Hey, so here's the way I approached this problem.  I started by writing out the reactions.  Then, I knew that the C(graphite), in the 3rd reaction had to be on the right hand side, so I reversed that equation.  Remember that reversing an equation, we reverse delta H.

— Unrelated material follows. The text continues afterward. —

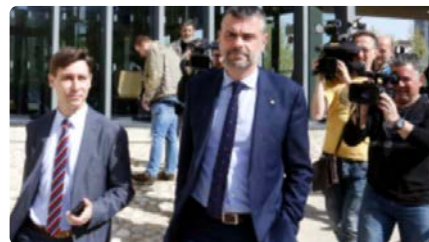
Suspès el judici a Vila i Puig pel cas Sixena perquè Bèlgica no ha notificat la citació DC, 04/05/2022 | LA MAÑANA

At this point we're at the following:

1) C(diamond) + O2 (g) ------> CO2 (g)    Delta H = -395.4
2) 2 CO2 (g) --------> 2 CO (g) + O2 (g)   Delta H = 566.0
3) CO2 (g) -------> C(graphite) + O2 (g)   Delta H = 393.5
4) 2CO (g) ------> C(graphite) + CO2 (g)   Delta H = -172.5

So, now let's count up the molecules on each of the reaction:
Starting Materials:
1 - C(diamond)
1 - O2
3 - CO2
2 - CO
0 - C(graphite)

Products:
0 - C(diamond)
2 - O2
2 - CO2
2 - CO
2 - C(graphite)

We know that once everything cancels, we should be left with equal moles of C(diamond) and C(graphite).  If we know that, then we see we need to gain:  1 C(diamond) and 1 O2 on the reactants side and 1 CO2 on the products side. 

Can you go from there to figure it out?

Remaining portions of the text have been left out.